О втором сценическом варианте своего Хлестакова И. В. Ильинский писал в статье «Драматург – режиссер»:
«Отказываясь от излишеств, от засоряющих… деталей, я ни в коем случае не хотел засушить или обеднить образ; все краски, которые, мне казалось, способствуют его раскрытию, я оставляю».
Слова Ильинского о Хлестакове сохраняют свою силу и по отношению к его нынешнему Аркашке. Рыбная ловля символизирует тоску Аркашки по жизни на лоне природы, уживающуюся в нем с бродяжьим духом. Аркашка не прочь сплутовать, и все же душа у Аркашки, по его собственному признанию, возвышенная, тут он не прилгнул. И ужение рыбы – это Аркашкина иллюзия, его самоутешение, хотя и быстролетное. Чайник с рыбой он роняет в воду. В мейерхольдовском спектакле такого печального финала Аркашкиного самообмана не было. Там была лишь забавная мизансцена, дававшая возможность Ильинскому показать зрителям, насколько картинен его жест.
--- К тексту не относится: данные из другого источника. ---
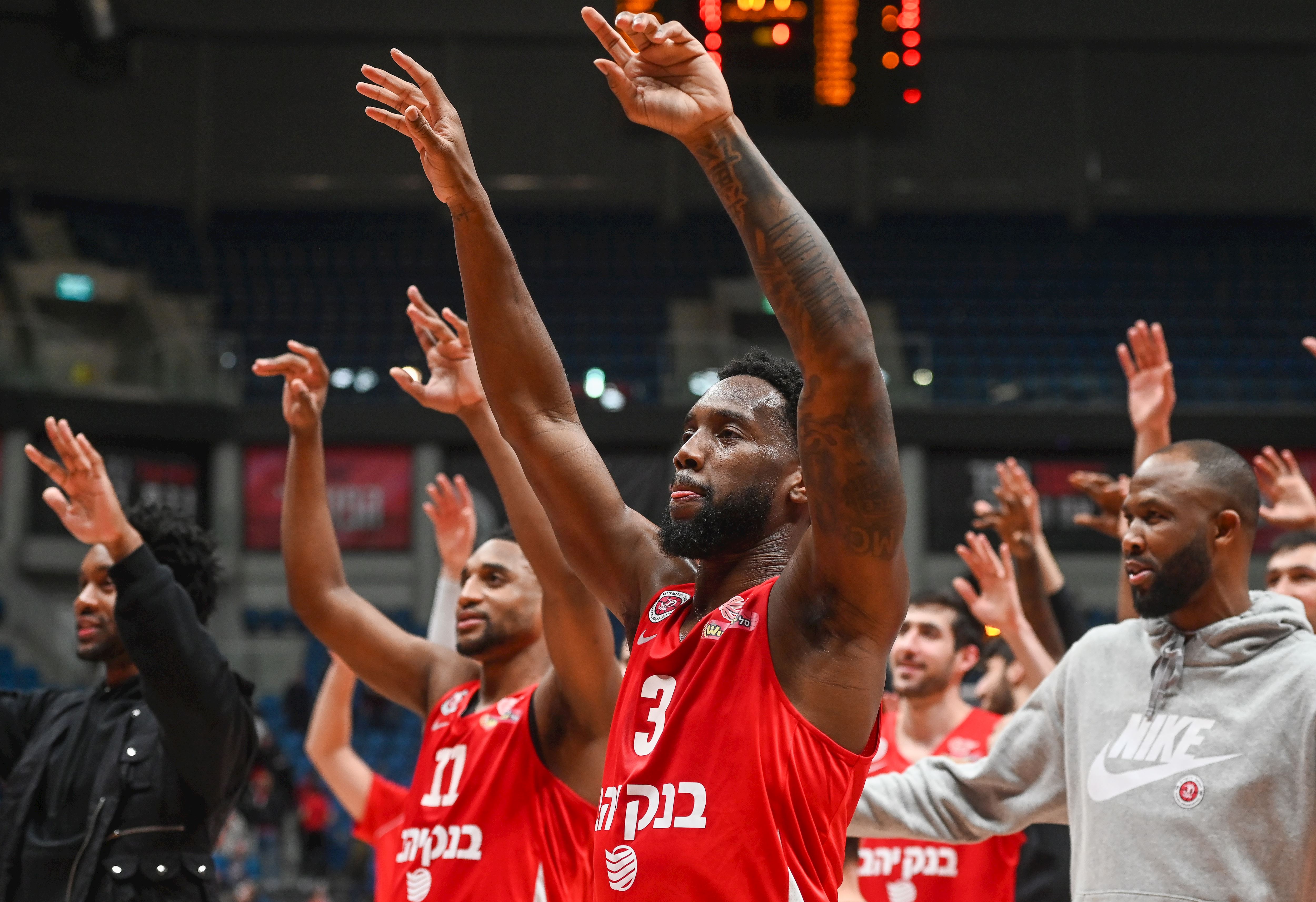 הנקינס חוגג את הניצחון של ירושלים. סיים עם 11 נקודות (צילום: ברני ארדוב)

Да, душа у Счастливцева возвышенная, и эту возвышенность Ильинский раскрывает в Аркашке. В каком-то театре Аркашка «стяжал», по выражению Несчастливцева, бутафорские ордена, нужда научила его «плясать, скакать и песенки петь». И, конечно, когда он убеждается, что денежки от Несчастливцева и от него уплыли и мечта о поездке на тройке разлетелась в прах, он мрачнеет. Но не надолго. Он ликует, слушая обличительный монолог Несчастливцева. Жертвенный порыв Несчастливцева передается и ему. На лице у него – отсвет несчастливцевского великодушия. Ничего, что троечка – тю-тю, что опять придется по образу пешего хождения пробираться из Вологды в Керчь. Несчастливцев сделал доброе дело и морально уничтожил «сов и филинов»: скаредов, выжиг, развратников, тиранов, ханжей. Вот сейчас Счастливцев счастлив – счастлив тем, что взяло верх добро, счастлив тем, что унижены унижающие. Уходит он вслед за Несчастливцевым из дома Гурмыжской, полный презрения к хозяйке и ко всем, кто с ней. Только выражает он это свое презрение как умеет – напуская на себя важность и пренебрежительно дрыгая ногой: паясничанье всосалось в его плоть и кровь.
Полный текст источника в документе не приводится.